Correlations simply describe the relationship between two variables in statistical terms, but it is not a research method in itself. Data collected from various research methods such as observations, questionnaires, and experiments can be analysed to see if there is a relationship between two variables. An example of a correlation is the relationship between hours spent revising for an exam and the grade attained.
Unlike experiments which have an independent variable and a dependent variable, correlations are described in terms of covariables. This is because both variables in a correlation vary (change) and are measured, and neither one is set or controlled by the researcher.
Positive and negative correlations
Correlations can be positive or negative. A positive correlation describes a relationship in which both variables increase together. A negative correlation describes a relationship in which one variable increases as the other decreases. For example, the relationship between hours spent revising for an exam and the grade attained is a positive correlation. This is because as hours spent revising increase, then the result attained also increases.
The strength of a correlation is described as a correlation coefficient. Coefficients range from -1.0 to +1.0, with a coefficient of less than zero describing a negative correlation and a coefficient above zero describing a positive correlation. A good rule of thumb is to consider of 0.0 to 0.3 as weak, 0.3 to 0.7 as moderate, and above 0.7 as strong.
Correlations are plotted on graphs called scattergrams (also called scatter plots or scatter graphs). A scattergram has one covariable on the x-axis and the other on the y-axis, and a straight line that best fits the points is plotted (a line of best fit). The gradient of the line is the same as the correlation coefficient.
A scattergram showing a positive correlation between hours spent revising for an exam and exam grade attained.
Strengths and weaknesses of correlational research
- Quick and easy. Correlations are a quick and easy way to see whether or not there is a relationship between two variables that is worth exploring further. They can use preexisting data (e.g. children’s SATs scores at the end of year 6 and their GCSE scores at the end of year 11) and if a correlation is found it may be worth investigating why there is a correlation.

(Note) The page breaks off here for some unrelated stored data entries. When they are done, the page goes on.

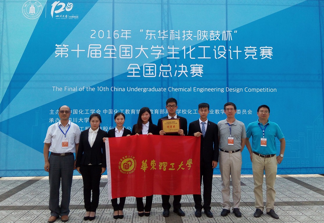 日前,我校参赛队Emoji团队在指导教师许志美、顾雄毅、李瑞江的带领下,在2016年“东华科技-陕鼓杯”第十届全国大学生化工设计竞赛全国总决赛中荣获特等奖。
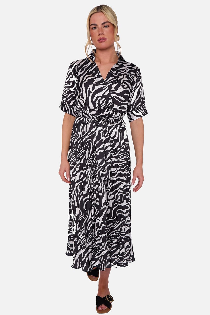 The Gini London Black Zebra Pleated Midi Dress is available in sizes XL.
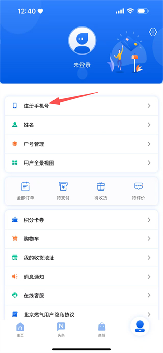 2、在我的页面,点击注册手机号,进入登录界面。
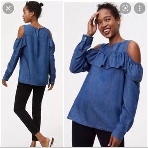 Loft blue chambray linen blend, ruffle front long sleeve blouse with cut out shoulders. Ladies XSP petite.
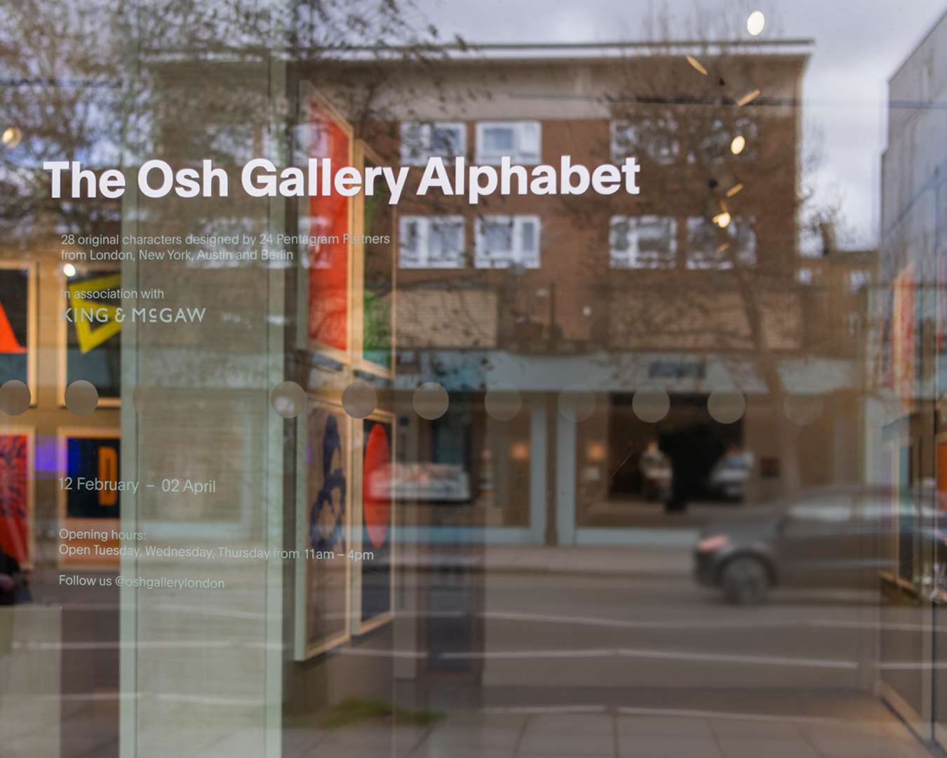 The Osh Gallery Alphabet will be on show until Thursday 02 April at Pentagram London’s gallery space in Islington, London N1.

- Describes the strength of a relationship. A correlation coefficient is a simple and objective way to describe the strength of a relationship between two variables. Expressing it as a precise number makes it clear and easy to understand.
- Correlations do not equal causation. This means that it is impossible to claim that one covariable actually causes the other covariable, as it could be that a third unknown variable (a mediating variable) is causing both variables to change together. In the example above of the positive correlation between hours spent revising and exam grade attained, it is impossible to be sure that hours spent revising actually causes a higher grade to be attained. It could be that children who revise more have more stable home lives, and the more stable home life could mean they do more homework and pay more attention at school, which in turn could lead to higher grades in exams. It is very difficult to establish cause and effect.
- Correlations can be misused. As finding a correlation between two variables tells us very little other than that a relationship exists, it is very difficult to make accurate conclusions about the causes of the relationship. Media, governments, and even sometimes scientists often make wild claims based on correlations that sound convincing to the public and support an argument, but in reality the relationship could mean something completely different.
A Level exam tips
Answering exam questions (PSYA1 AQA A specification)
Questions about correlations tend to provide a graph that has to be interpreted. It is essential to read the title and descriptions of the axis so that you know what variables the graph is describing. You must then decide whether the correlation is positive or negative. The question may also ask for one strength or one weakness of correlations, and to answer you should describe one of each and relate it to the topic the graph is describing.
Give one strength and one weakness of using correlations to describe the relationship between hours spent in day care and aggressive behaviour (2+2 marks)
One strength is that the relationship between hours spent in day care and aggression can be simply and easily described. You must then describe the relationship in the graph you have been given.
One weakness is that cause and effect cannot be established because correlations do not equal causation and there may be another mediating variable. For example, children who spend more hours in day care may have less caring mothers, and so the children may react aggressively in order to get attention. Maternal sensitivity is the mediating variable.